Exercise prompt = Could the lines from the top of the material to the line that contains "Made a few more" be retyped exactly, both included and pictures omitted?

Data under study =
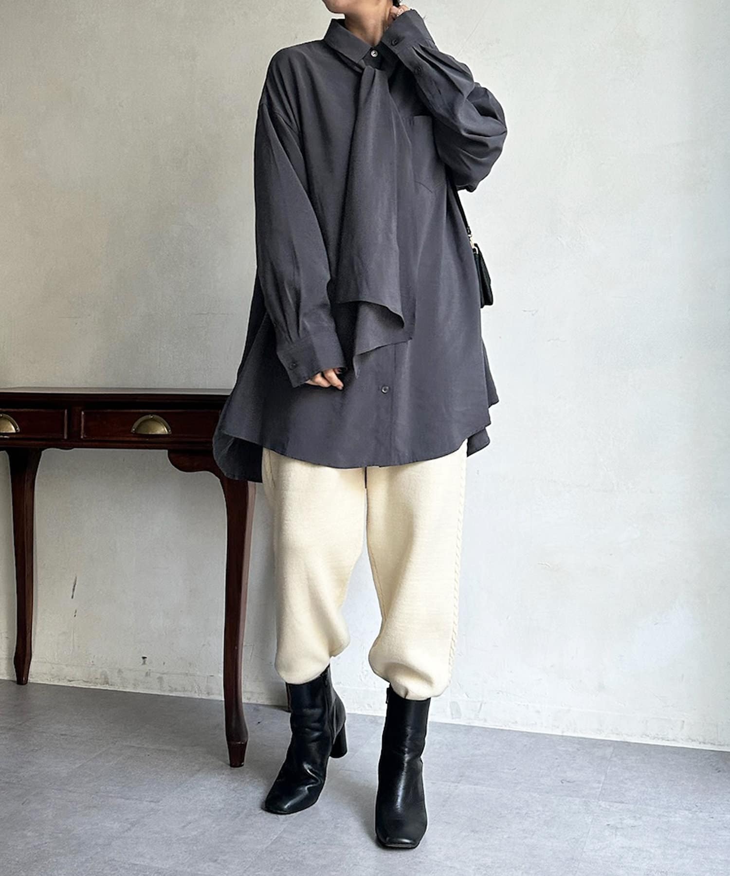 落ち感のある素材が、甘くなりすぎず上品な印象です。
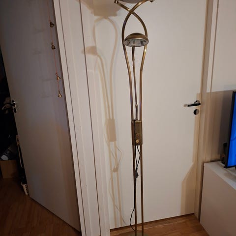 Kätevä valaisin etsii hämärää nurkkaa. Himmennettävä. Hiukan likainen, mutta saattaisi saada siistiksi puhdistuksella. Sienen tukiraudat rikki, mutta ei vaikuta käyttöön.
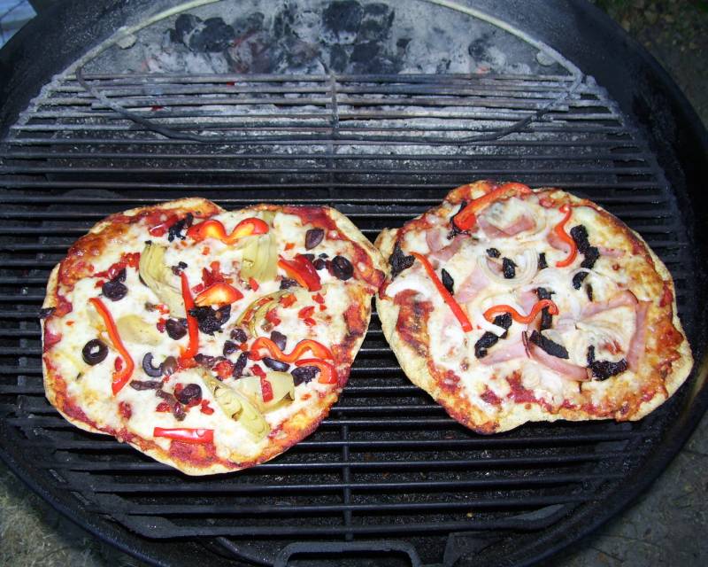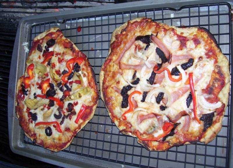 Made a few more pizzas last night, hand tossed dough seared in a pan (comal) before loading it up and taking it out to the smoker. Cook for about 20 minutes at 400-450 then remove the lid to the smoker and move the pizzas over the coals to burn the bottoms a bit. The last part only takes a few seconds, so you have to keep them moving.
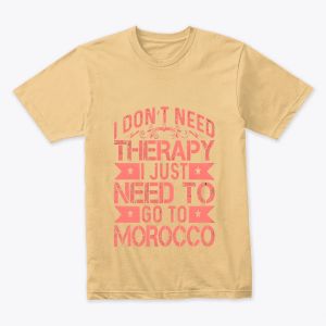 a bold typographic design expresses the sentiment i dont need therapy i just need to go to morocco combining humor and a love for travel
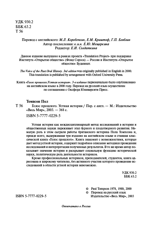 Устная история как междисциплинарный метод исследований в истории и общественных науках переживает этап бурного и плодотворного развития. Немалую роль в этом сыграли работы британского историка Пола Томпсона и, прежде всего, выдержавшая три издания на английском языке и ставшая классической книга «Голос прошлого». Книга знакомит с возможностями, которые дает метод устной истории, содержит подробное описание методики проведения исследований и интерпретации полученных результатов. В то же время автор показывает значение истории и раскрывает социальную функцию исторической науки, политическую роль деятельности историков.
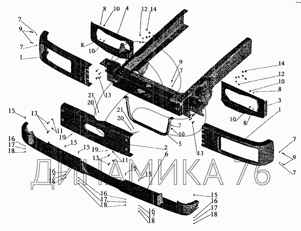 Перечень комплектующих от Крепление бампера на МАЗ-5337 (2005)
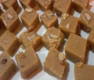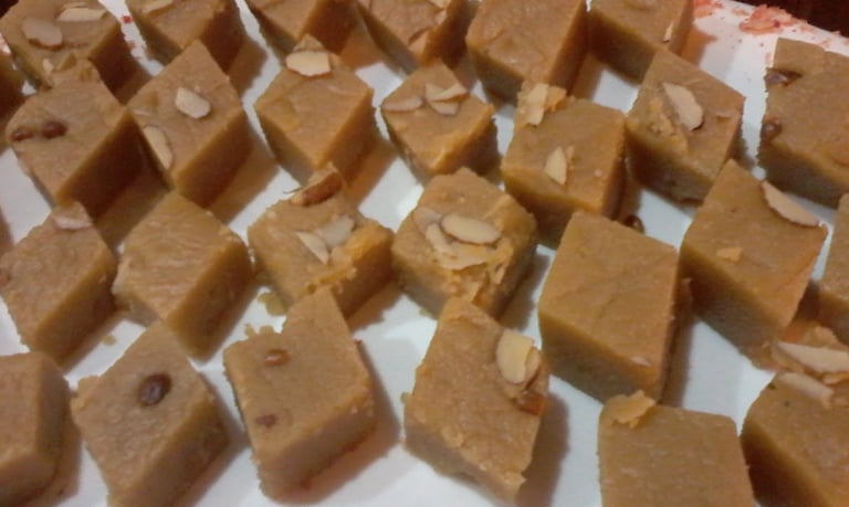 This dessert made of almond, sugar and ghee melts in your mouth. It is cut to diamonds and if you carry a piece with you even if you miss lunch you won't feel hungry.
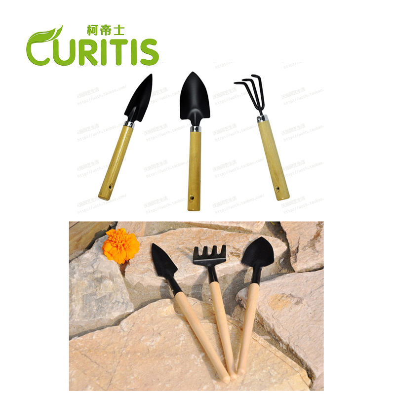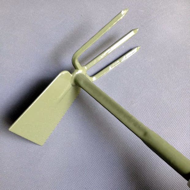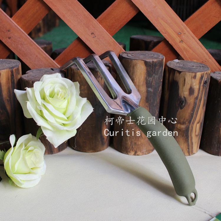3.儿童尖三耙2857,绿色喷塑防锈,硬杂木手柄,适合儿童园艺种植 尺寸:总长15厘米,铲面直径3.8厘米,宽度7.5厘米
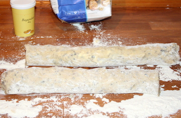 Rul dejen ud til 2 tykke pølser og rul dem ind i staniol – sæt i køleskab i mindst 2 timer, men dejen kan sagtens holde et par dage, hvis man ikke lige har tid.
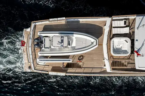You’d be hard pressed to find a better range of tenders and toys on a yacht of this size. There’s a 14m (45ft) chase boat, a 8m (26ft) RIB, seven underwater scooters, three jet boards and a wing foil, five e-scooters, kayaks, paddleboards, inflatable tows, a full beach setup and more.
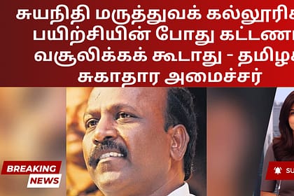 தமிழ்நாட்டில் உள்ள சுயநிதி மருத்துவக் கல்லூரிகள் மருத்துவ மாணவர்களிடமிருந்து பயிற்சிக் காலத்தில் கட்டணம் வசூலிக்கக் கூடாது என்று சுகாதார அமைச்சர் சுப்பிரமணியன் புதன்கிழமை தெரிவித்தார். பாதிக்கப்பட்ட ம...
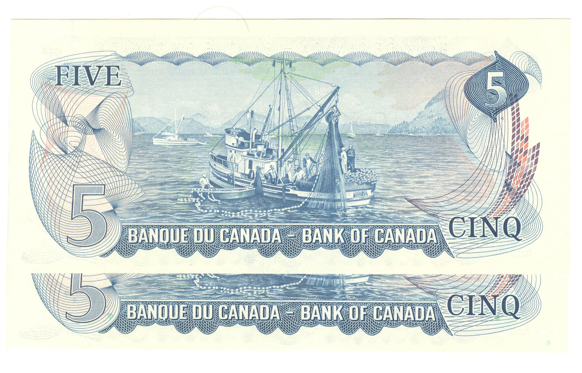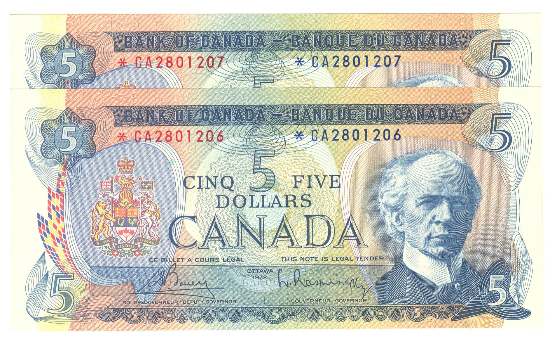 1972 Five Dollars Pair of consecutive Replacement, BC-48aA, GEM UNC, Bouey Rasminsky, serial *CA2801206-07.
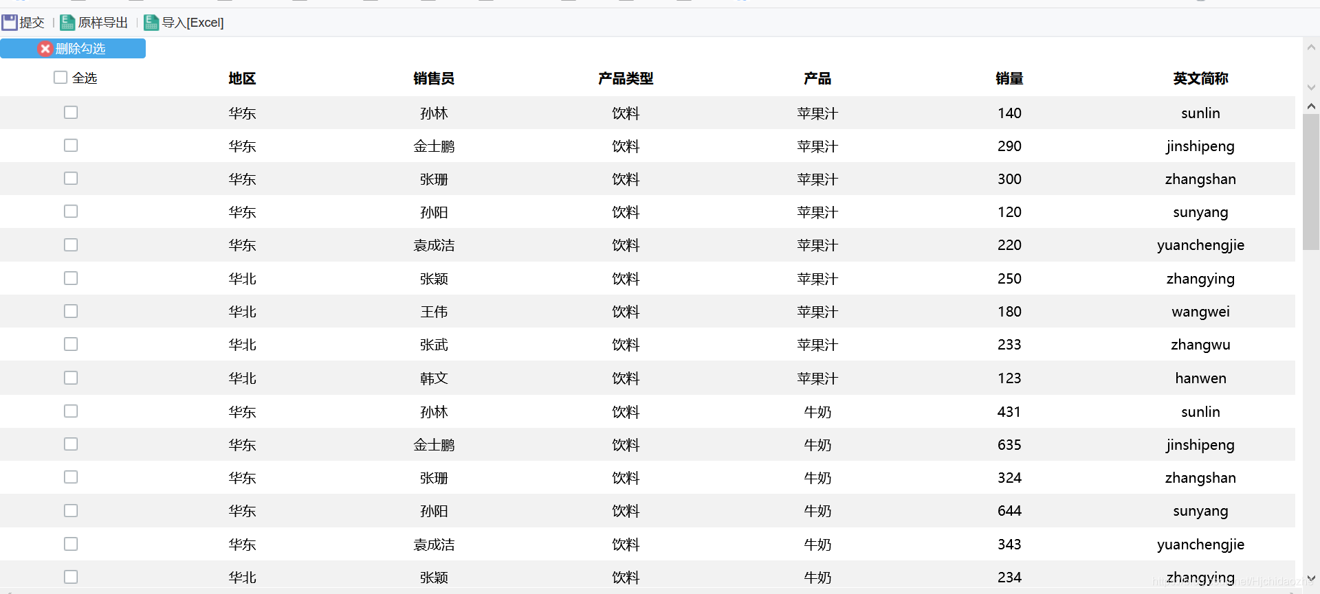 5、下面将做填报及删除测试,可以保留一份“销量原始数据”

Task solution =
 落ち感のある素材が、甘くなりすぎず上品な印象です。
 Kätevä valaisin etsii hämärää nurkkaa. Himmennettävä. Hiukan likainen, mutta saattaisi saada siistiksi puhdistuksella. Sienen tukiraudat rikki, mutta ei vaikuta käyttöön.
 Made a few more pizzas last night, hand tossed dough seared in a pan (comal) before loading it up and taking it out to the smoker. Cook for about 20 minutes at 400-450 then remove the lid to the smoker and move the pizzas over the coals to burn the bottoms a bit. The last part only takes a few seconds, so you have to keep them moving.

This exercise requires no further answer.